◆ Task item:
Before copying, set the pictures aside; then repeat every line below verbatim.

======== Provided material

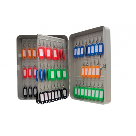 This key cabinet is the ideal solution for organizing and storing up to 93 keys. Constructed from durable powder coated steel, the key cabinet is secure and reliable. The included cylinder lock ensures that keys are always safe and sound. The key cabinet also comes with self adhesive numbers and coloured key fobs, making it easy to keep track of your keys. Fixings are included so that the key cabinet can be bolted to a wall, making it even more secure.
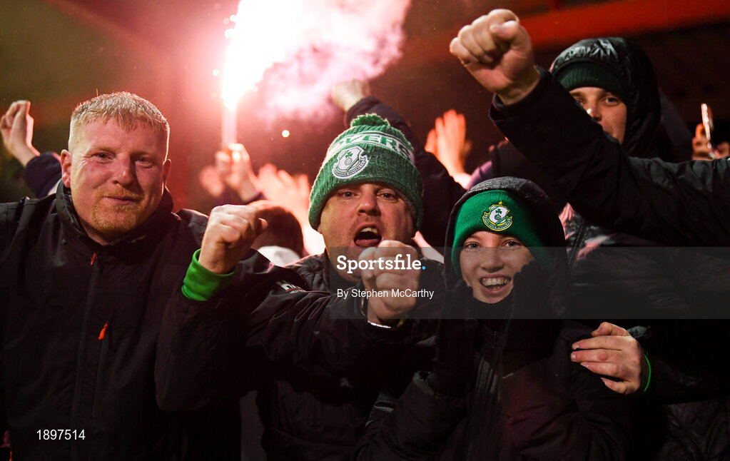 7 March 2020; Shamrock Rovers supporters celebrate after their side's first goal, scored by Jack Byrne, during the SSE Airtricity League Premier Division match between Sligo Rovers and Shamrock Rovers at The Showgrounds in Sligo. Photo by Stephen McCarthy/Sportsfile
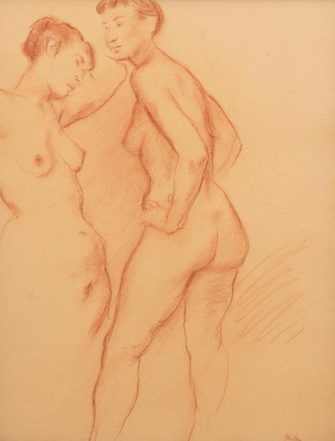 John Fenton drawing of two nude woman. Signed bottom right. Measures 19 3/8" x 23.5": Visible 13 3/8 x 10 3/8" Approx. Painter, printmaker and teacher John Fenton was born in Mountaindale, New York. He moved with his family to Mount Vernon, New York, where he lived for some thirty years before settling permanently in Woodstock, New York. He attended The Art Student’s League of New York and Atelier 17, Paris. His work was the focus of a number of one-man shows during the 1950s and 1960s, and was exhibited in numerous museums and galleries including the Art Institute of Chicago, The Museum of Modern Art in New York, The Corcoran Gallery in Washington, D.C. And the Pennsylvania Academy.Fenton taught at New York University and Goddard College. His distinctly surrealist work won awards from the American Academy of Arts and Letters, the National Academy of Design, and numerous other institutions, and is included in the collections of the Smithsonian American Art Museum, the Corcoran Gallery among others. He died at Woodstock, New York.in good condition overall

================

◆ Final answer:
 This key cabinet is the ideal solution for organizing and storing up to 93 keys. Constructed from durable powder coated steel, the key cabinet is secure and reliable. The included cylinder lock ensures that keys are always safe and sound. The key cabinet also comes with self adhesive numbers and coloured key fobs, making it easy to keep track of your keys. Fixings are included so that the key cabinet can be bolted to a wall, making it even more secure.
 7 March 2020; Shamrock Rovers supporters celebrate after their side's first goal, scored by Jack Byrne, during the SSE Airtricity League Premier Division match between Sligo Rovers and Shamrock Rovers at The Showgrounds in Sligo. Photo by Stephen McCarthy/Sportsfile
 John Fenton drawing of two nude woman. Signed bottom right. Measures 19 3/8" x 23.5": Visible 13 3/8 x 10 3/8" Approx. Painter, printmaker and teacher John Fenton was born in Mountaindale, New York. He moved with his family to Mount Vernon, New York, where he lived for some thirty years before settling permanently in Woodstock, New York. He attended The Art Student’s League of New York and Atelier 17, Paris. His work was the focus of a number of one-man shows during the 1950s and 1960s, and was exhibited in numerous museums and galleries including the Art Institute of Chicago, The Museum of Modern Art in New York, The Corcoran Gallery in Washington, D.C. And the Pennsylvania Academy.Fenton taught at New York University and Goddard College. His distinctly surrealist work won awards from the American Academy of Arts and Letters, the National Academy of Design, and numerous other institutions, and is included in the collections of the Smithsonian American Art Museum, the Corcoran Gallery among others. He died at Woodstock, New York.in good condition overall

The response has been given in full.